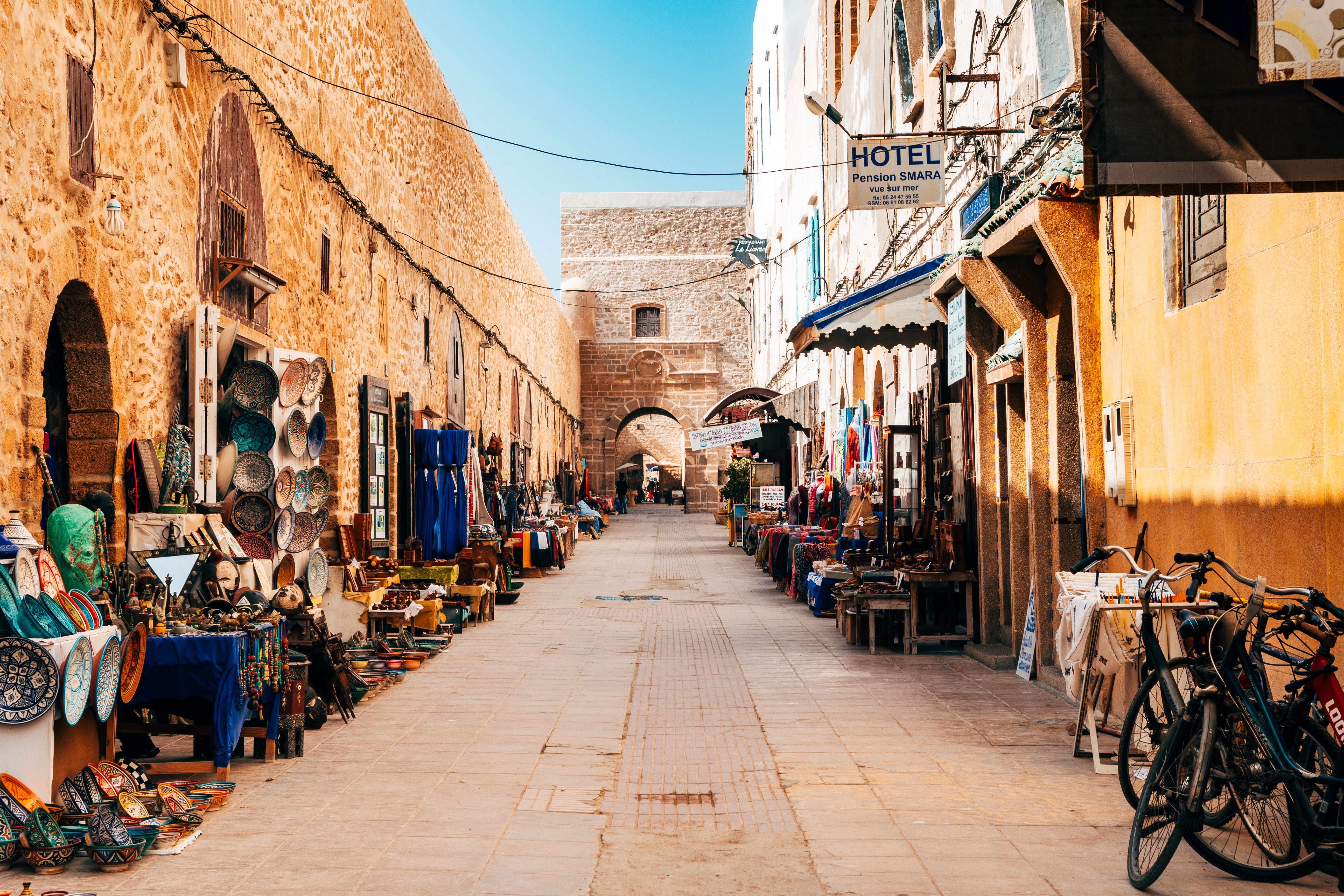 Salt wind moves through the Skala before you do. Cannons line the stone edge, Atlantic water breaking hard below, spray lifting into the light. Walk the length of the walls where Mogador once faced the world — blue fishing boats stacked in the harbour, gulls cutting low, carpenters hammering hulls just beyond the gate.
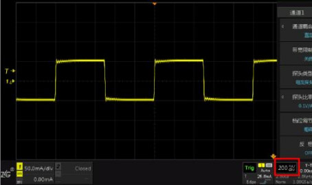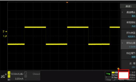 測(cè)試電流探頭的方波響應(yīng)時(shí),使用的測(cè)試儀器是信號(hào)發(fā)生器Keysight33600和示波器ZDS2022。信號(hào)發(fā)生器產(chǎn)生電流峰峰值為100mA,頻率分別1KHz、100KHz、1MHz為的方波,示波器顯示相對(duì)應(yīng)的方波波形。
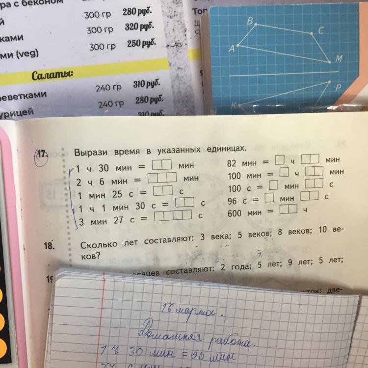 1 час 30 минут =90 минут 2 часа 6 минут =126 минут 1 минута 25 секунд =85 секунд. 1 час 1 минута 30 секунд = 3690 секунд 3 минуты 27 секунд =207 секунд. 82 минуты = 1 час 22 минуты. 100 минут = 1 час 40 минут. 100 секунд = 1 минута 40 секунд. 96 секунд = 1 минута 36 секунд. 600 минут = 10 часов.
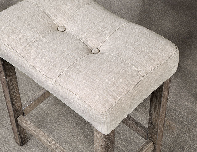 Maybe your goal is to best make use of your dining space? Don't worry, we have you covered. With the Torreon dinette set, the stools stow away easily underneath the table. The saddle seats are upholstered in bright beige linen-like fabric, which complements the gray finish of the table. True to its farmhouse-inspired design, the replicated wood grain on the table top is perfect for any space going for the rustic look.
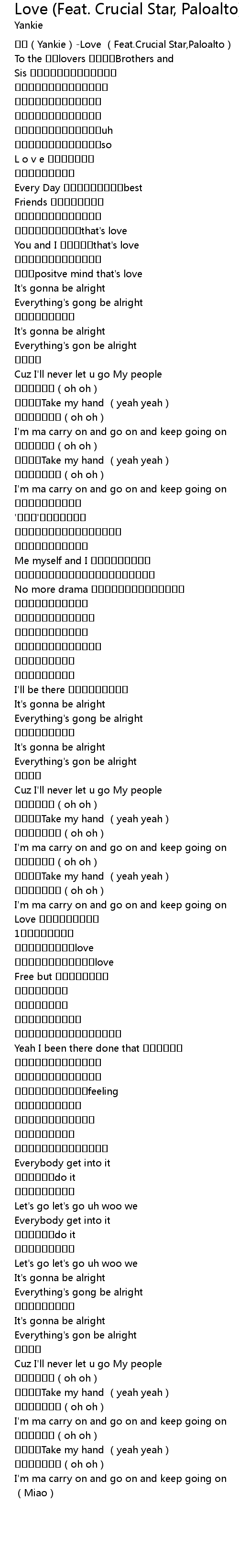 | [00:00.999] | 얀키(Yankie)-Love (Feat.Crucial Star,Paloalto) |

Task directions →
The line that contains "Maybe your goal" opens the part to copy, and the last line of the records closes it; set down those lines exactly, pictures excluded.

Written reply →
 Maybe your goal is to best make use of your dining space? Don't worry, we have you covered. With the Torreon dinette set, the stools stow away easily underneath the table. The saddle seats are upholstered in bright beige linen-like fabric, which complements the gray finish of the table. True to its farmhouse-inspired design, the replicated wood grain on the table top is perfect for any space going for the rustic look.
 | [00:00.999] | 얀키(Yankie)-Love (Feat.Crucial Star,Paloalto) |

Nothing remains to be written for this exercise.